November 8, 2024

Details Emerge On Nvidia’s “Grace” Arm CPU

Grace #Grace

Imagine, if you will, that Nvidia had launched its forthcoming “Grace” Arm server CPU three years ago instead of early next year. How much better would Nvidia be fairing in the gaming and cryptocurrency downdraft that is impacting its sales today?

Sometimes, little changes make a big difference in the CPU market.

For instance, we have talked about how fortunate AMD has been that it switched from using its own foundry spinout, GlobalFoundries, as its sole supplier of CPU wafers and to using Taiwan Semiconductor Manufacturing Co to make the core complexes for its Epyc server chips.

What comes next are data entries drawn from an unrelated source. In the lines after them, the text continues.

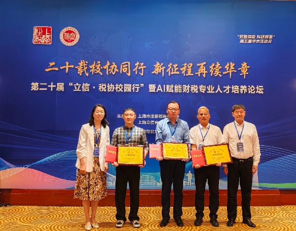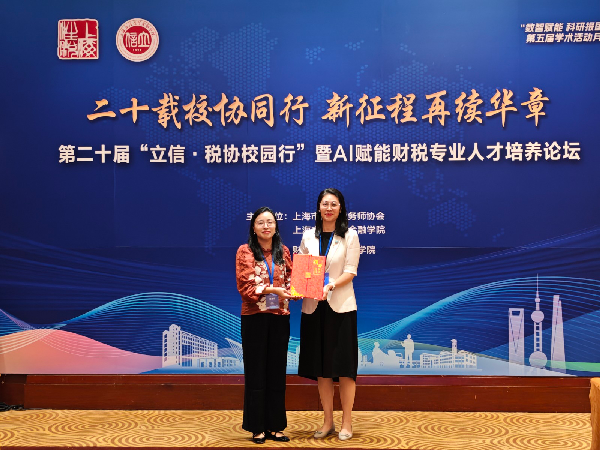 学院向上海市注册税务师协会赠送锦旗,致谢协会二十年来在产教融合方面的全方位支持。学院和协会共同为立信税务师事务所、尤尼泰(上海)税务师事务所、上海立信诚瑞税务师事务所3家单位授予“突出贡献奖”,表彰其为“立信・税协校园行”活动以及校企合作做出的突出贡献。学院向北京天扬财税服务集团、上海博爱方本律师事务赠送纪念品,致谢两家单位对本次会议的赞助支持。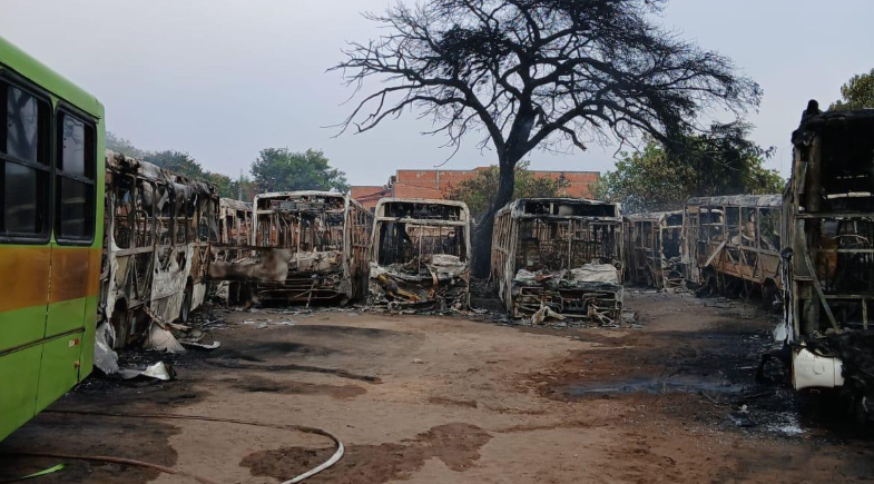 Além dos ônibus escolares, alguns caminhões e parte da estrutura da madeireira também foram atingidos. Livros e materiais escolares que estavam armazenados nos veículos foram consumidos pelo fogo.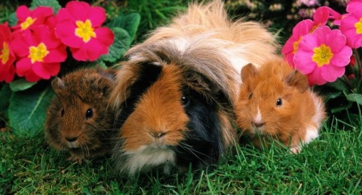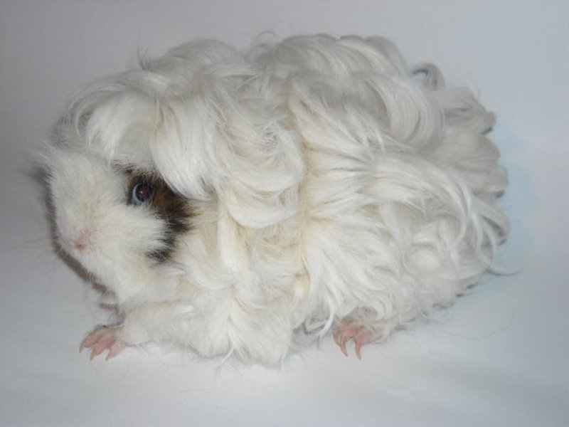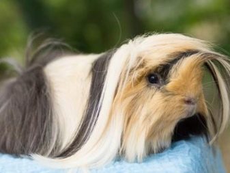 Guinea pigs with elongated fur are completely different from each other - there are individuals with long locks, curly rodents are no less common. Fur can vary in structure, direction of growth, as well as the presence or absence of shaggy whiskers, all kinds of bangs and sockets.

That decision, as much as any architectural one, has been central to the success that AMD has had, especially in light of GlobalFoundries’ failure to bring 10 nanometer and then 7 nanometer processes to market, which had a huge and arguably detrimental impact on IBM’s Power9 and Power10 processors. Enough for IBM to sue GlobalFoundries last year just months before that chip manufacturing company (which is the combination of AMD, IBM, and Chartered Semiconductor fabs) decided to go public to raise some money to fuel its growth.

Nvidia clearly had aspirations of its in server CPUs before the AI wave swamped the hyperscaler and cloud builders and splashed into enterprise datacenters, lifting Nvidia’s datacenter business from an interesting aside to its largest and most profitable division.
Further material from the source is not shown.